─── DATASET EXCERPTS
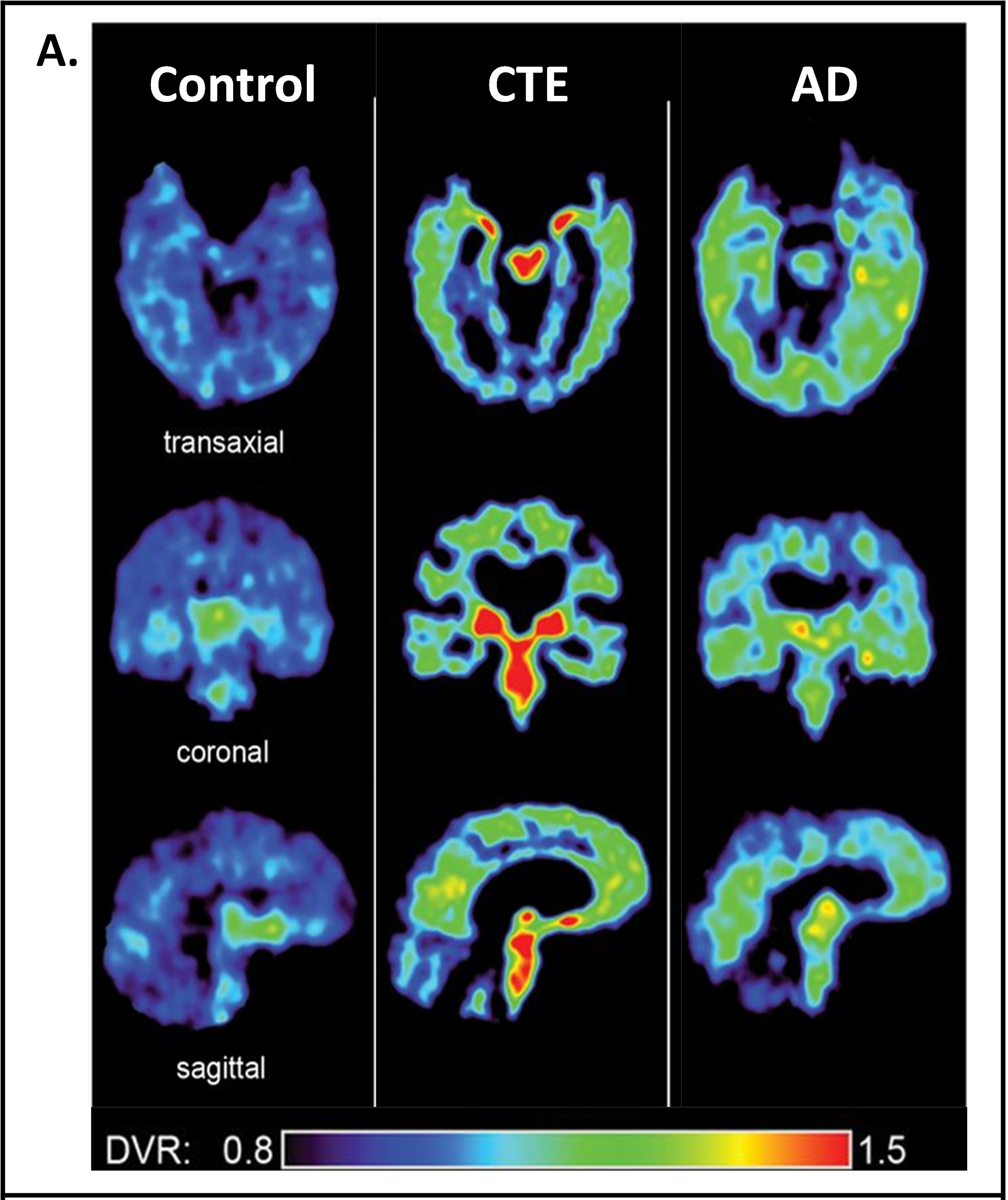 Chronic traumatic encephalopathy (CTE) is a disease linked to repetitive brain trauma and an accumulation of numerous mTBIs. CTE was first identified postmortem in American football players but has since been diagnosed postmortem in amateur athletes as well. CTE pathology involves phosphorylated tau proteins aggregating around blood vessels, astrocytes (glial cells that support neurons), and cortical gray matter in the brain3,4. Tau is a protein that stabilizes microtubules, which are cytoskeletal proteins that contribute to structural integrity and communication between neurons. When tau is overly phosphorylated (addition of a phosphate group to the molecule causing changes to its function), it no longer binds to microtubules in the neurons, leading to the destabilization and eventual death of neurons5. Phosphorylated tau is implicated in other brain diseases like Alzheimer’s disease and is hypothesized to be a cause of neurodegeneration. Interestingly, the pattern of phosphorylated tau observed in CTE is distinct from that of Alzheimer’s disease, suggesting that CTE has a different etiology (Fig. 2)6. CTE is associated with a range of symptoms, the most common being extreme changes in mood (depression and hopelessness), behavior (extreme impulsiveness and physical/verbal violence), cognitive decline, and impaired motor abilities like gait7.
──────
─── DATASET EXCERPTS
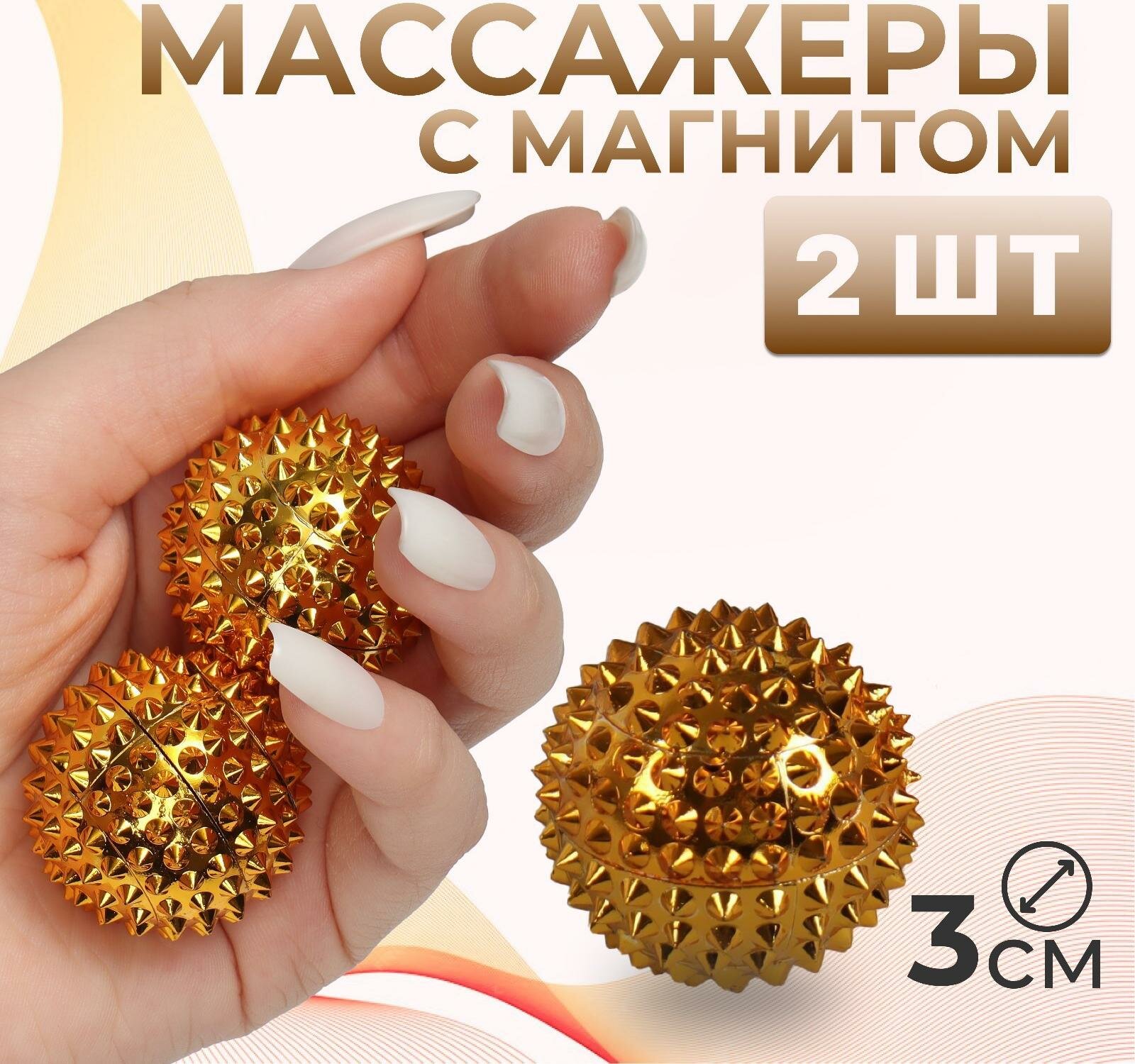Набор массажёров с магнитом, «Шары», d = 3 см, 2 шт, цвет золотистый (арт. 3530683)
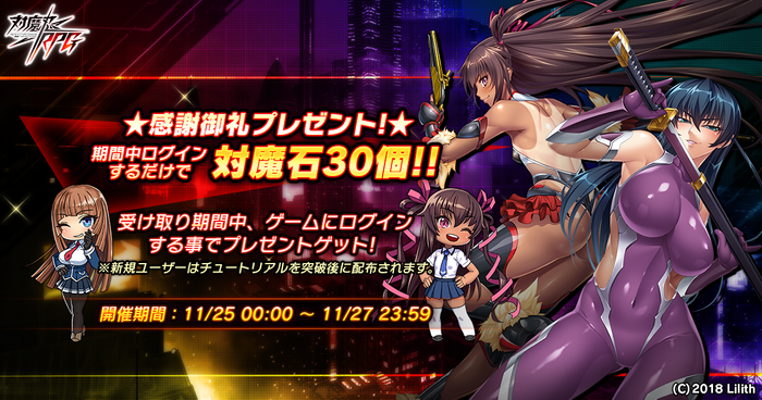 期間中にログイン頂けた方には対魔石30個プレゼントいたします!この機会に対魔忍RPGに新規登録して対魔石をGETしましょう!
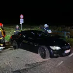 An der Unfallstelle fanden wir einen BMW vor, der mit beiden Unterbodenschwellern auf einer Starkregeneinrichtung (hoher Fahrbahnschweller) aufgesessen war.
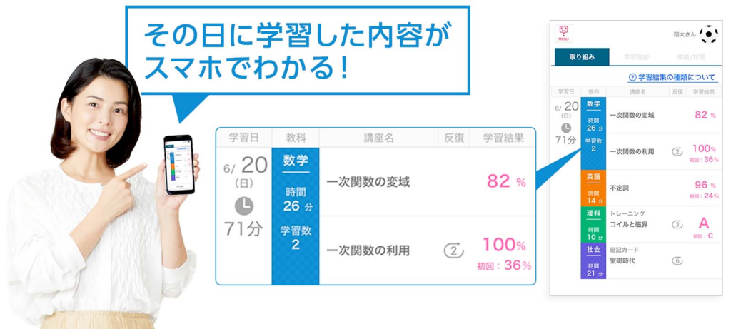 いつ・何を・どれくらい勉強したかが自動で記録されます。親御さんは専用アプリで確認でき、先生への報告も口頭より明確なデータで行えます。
──────
─── DATASET EXCERPTS
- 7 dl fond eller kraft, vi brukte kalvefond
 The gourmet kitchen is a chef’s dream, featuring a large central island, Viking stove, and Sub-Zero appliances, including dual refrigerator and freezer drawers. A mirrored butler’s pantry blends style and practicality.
──────
Your task is to transcribe, with no changes, only the lines of the listing above that lie between the line holding "- 7 dl fond eller kraft, vi brukte kalvefond" and the line holding "The gourmet kitchen", inclusive.

*OUTPUT FOR THIS EXERCISE*.
- 7 dl fond eller kraft, vi brukte kalvefond
 The gourmet kitchen is a chef’s dream, featuring a large central island, Viking stove, and Sub-Zero appliances, including dual refrigerator and freezer drawers. A mirrored butler’s pantry blends style and practicality.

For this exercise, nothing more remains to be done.